Wednesday, July 11, 2012

About the film "Wings of Desire"


This Wim Wenders directed film follows a spirit who's tired of the spiritual and yearns for physical existence. The spirit is an angel named Damiel, and his journeys with his companion, Cassiel, expose the isolation inherent in the human condition. But, moreover, Damiel's particular existential crisis gently urges us to appreciate the little things and decide for ourselves that life matters.

The angels can hear people's thoughts, so thinking makes up most of the film's dialog. I enjoyed Cassiel's going to the library where he finds other angels listening to books being narrated in people's minds as they read. There he finds an old man whom he follows, is drawn to perhaps because the aged traveler is so enduring and purposeful, who self-identifies as a storyteller, an indispensable part of humanity.

Meanwhile, Damiel wanders into a low-budget children's circus whose star performer is a beautiful, unfulfilled trapeze artist named Marion. He falls for her, lusts for her, and is spellbound by her poetically lonely train of thought. They share a yearning.

Damiel brings Cassiel to that night's circus performance, which is to be the last of the year. But as Damiel absorbs the show, Cassiel sees how deeply his companion feels the need to live. Afterwards Damiel confesses as much. Marion, while celebrating at the circus staff's after-party, pauses and, in her thoughts, appreciates being alive.
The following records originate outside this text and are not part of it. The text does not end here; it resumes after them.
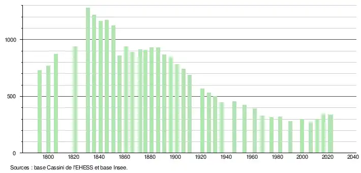 L'évolution du nombre d'habitants est connue à travers les recensements de la population effectués dans la commune depuis 1793. Pour les communes de moins de 10 000 habitants, une enquête de recensement portant sur toute la population est réalisée tous les cinq ans, les populations de référence des années intermédiaires étant quant à elles estimées par interpolation ou extrapolation[14]. Pour la commune, le premier recensement exhaustif entrant dans le cadre du nouveau dispositif a été réalisé en 2006[15].
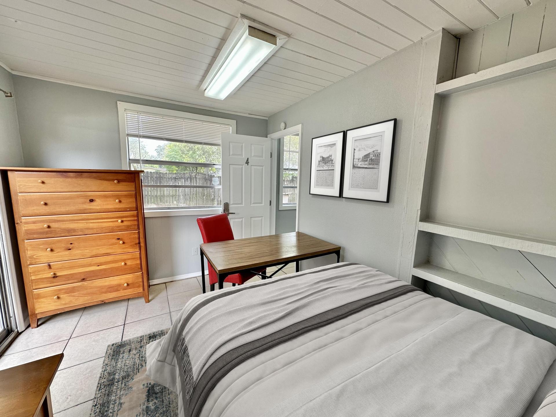 This room allows 1 person only. Room 4 is a large room that offers a comfortable queen bed, large nightstand, large dresser, large desk work space, and closet, this room has an optional private side entrance/patio with slider.
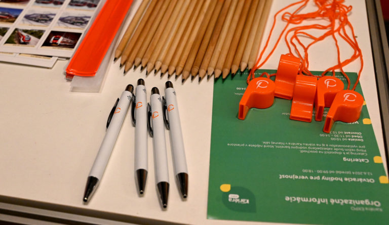 Reklamné predmety v stánku Železničnej spoločnosti Slovensko (ZSSK) počas veľtrhu práce Kariéra EXPO Košice v Spoločenskom pavilóne v Košiciach. Košice, 12. jún 2024. Foto: SITA/Viktor Zamborský

Hearing this, Damiel's heart breaks.

So he resolves to become real, and when an empty piece of body armor crashes onto his head, Damiel wakes in a vacant lot, apparently knocked unconscious after being dropped from Heaven--a helicopter hovering overhead. To be human is to be vulnerable, so he pawns his rickety old armor and finds Marion at a night club. There, they each taste of the wine from the bar and she asks him to join her in a life of consequence, to live as if they are setting new precedents for future generations.

The story inverts the usual paradigm: instead of man imagining and chronicling heaven as the grand but remote paradise, the angels imagine and chronicle man as the simple and immediate body, and they do so in ways that elevate man without pretending he’s a miracle. This inversion is sacrilegious, but it does no harm.

The viewing audience watches the angels watch the people. When a scene calls for your sympathy and you feel that sympathy, you feel the sympathy of the angels, you see Earth through the angels’ eyes. For example, in one scene we peek in on a small family and find a young man alone in his bedroom, sulking and brooding over how nobody knows he’s alive, but then we learn his dad is sitting alone in front of the TV and worrying about his son’s future while mom sits alone in the kitchen doing the same.

Notes
  • Peter Falk of course is really charming in this, single-handedly keeping a good chunk of the film interesting. ("Columbo" is one of the best series ever.)
  • Cassiel urges someone to his shoes correctly--using a double knot.

Tuesday, June 26, 2012

About "The Kids in the Hall" TV show


Re-watching this series, I'm reminded it wasn't that funny. But the show's not-being-funny is an acceptable risk--acceptable because its value for me lie in its ethos. "The Kids in the Hall" cast consisted of comedic performers more so than comedy actors; they were creatives rather than laugh-getters, and their schtick was absurdity. Any given sketch might (1) focus on the orthodoxy of their having to have a premise or be funny or be likeable or act famous, (2) have no premise and instead start in the middle of a scene, or (3) be a monologue. "The Kids in the Hall" was more like "Monty Python" than "Saturday Night Live", but shared properties of both, combining them and re-interpreting them as something pretty unique. Some credit for the show's willingness to take risks belongs undoubtedly to Lorne Michaels. But despite this, it doesn't make for a lot of entertaining television.

Notes
  • I can only watch in very small doses.

Saturday, April 28, 2012

About "I Love Lucy"


I have never been able to watch more than four minutes of "I Love Lucy" and I think this is why: the show never tells a story; instead, Lucy puts on a show. This inevitably leads to her acting out, hamming it up, taking the production over the top. There is no arch, no moral, no lesson learning; there is no character development, no growth in the show, its production or its talents. There is nobody to sympathize with or relate to. All you see is a comedienne trying to meet expectations or out-do herself comically with exaggerated crying and bumbling, facing the camera all the while.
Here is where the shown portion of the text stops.